化石燃料の廃止と再生可能エネルギーへの移行

COP28の合意文書は、サミットを通じて行われた多くの公約をまとめたものだ。今回初めて、「2050年までの化石燃料の段階的廃止」を含むこととなり、化石燃料時代の「終わりの始まり」として多くの人々に歓迎されている。

合意文の焦点は、化石燃料からの脱却と、再生可能エネルギーの導入を加速させるという明確な目標だ。最終的には2050年までのネット・ゼロを国境を越えて目指す。さらに、2025年までには排出量のピークを迎え、2030年と2035年に段階的に削減するという、科学的根拠に基づく削減目標にも言及している。

これにともなって、2030年までに世界の再生可能エネルギー容量を3倍にし、年間のエネルギー効率を2倍に改善するという目標も合意に至った。加えて、排出削減措置が施されていない石炭火力の段階的削減を加速させることも求める運びだ。

炭素回収・貯留(CCS)については、どの分野で使用すべきかを明確にし、広く活用するのではなく、排出削減が難しい分野で使うべきであるとした。CCSを化石燃料によるCO2排出を帳消しにするための手段とはとらえず、化石燃料の使用そのものを停止する必要性を強調している点で、これは大きな一歩となる。

COP28合意文書の懸念と課題

しかし、合意にはいくつかの懸念も残される。公平性については直接言及されておらず、各国の再生可能エネルギー目標も定量化されていないため、多排出国がどのように公平に気候変動への責任を果たすのかが示されていない。

加えて、排出削減処置を施していない石炭火力発電を段階的に削減することは良いスタートではあるものの、この問題に関する文言はまだまだ曖昧さが残る。地球温暖化を抑制するためには、石炭エネルギーの廃止と、新たな石炭火力発電所の開発停止を各国に誓約させる必要がある。

エネルギー転換と適応への資金調達

そして、何より、合意文書には、エネルギー転換と気候変動への適応のための資金調達に関する情報が著しく欠ける。より多くの資金調達の必要性には言及しているものの、具体的な数字や仕組みが提示されていない。発展途上国からは、2030年までにエネルギー転換のために毎年2兆米ドルが、さらに、適応のために毎年3,000億米ドルが必要とされているため、資金調達は重要な課題だ。おそらく2024年のCOP29でも、議論の中心となることが予想される。

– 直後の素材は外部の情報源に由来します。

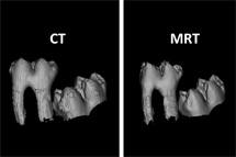 Oberflächendarstellung der Zahnwurzeln - keine signifikanten Unterschiede gegenüber herkömmlichen Verfahren feststellen. Mit Standardparametern aufgenommene MRT-Daten scheinen den heute verwendeten Röntgen- bzw. DVT-oder CT-Aufnahmen in vielen Bereichen ebenbürtig," fasst Kieferorthopäde Dr. Andreas Detterbeck vom Universitätsklinikum Erlangen zusammen und ergänzt: "Im Bereich der Knochendarstellung, in dem die Röntgenstrahl-basierten Methoden zurzeit noch besser abschneiden als die MRT, bieten neue schnelle MRTVerfahren die Chance auch diese Lücke zukünftig zu schließen."

出典: International Monetary Fund

自然環境の保護と農業の脱炭素化

COP28の合意には、自然環境の保護に関する重要な約束も含まれる。大まかには、気候変動との闘いにおける自然と生物多様性の役割を認識し、自然環境の保護が気候変動対策目標と整合していることを示している。自然は人間による排出量の約50%を吸収すると推定されている。2030年までに森林破壊を食い止め、回復させるというCOP26の目標が繰り返される形となった。

さらに、農業が世界の温室効果ガス排出量の3分の1を占める状況を踏まえて、農業の脱炭素化と、増加する世界人口を支えることのできる気候変動に強い食料システムの開発の必要性が強調されている。

「損失と損害」基金の運用

合意文書以外にも、重要な成果があった。COP28で最も早く合意されたことの一つは、途上国支援のためにCOP27で策定された「損失と損害」基金を動員することだった。この基金によって開発途上国で必要とされている気候変動被害へ支援を提供できる可能性が高まった。歴史的な瞬間として評価する声も多く上げられた。

しかし、それが十分であるかどうかについては懸念がある。誓約された7億米ドル以上の資金は、開発途上国が必要とする推定額の0.2%にも満たない。基金の能力と気候変動に脆弱な国のニーズとの間に、大きなギャップがあることを示す。さらに、誓約を行った締約国はわずか16カ国であり、温室効果ガス排出大国の中には、少額の誓約しか行わなかった国、誓約を行わなかった国もあった。先進国から拠出されるべき資金の不足は、気候変動対策において普遍的な課題だ。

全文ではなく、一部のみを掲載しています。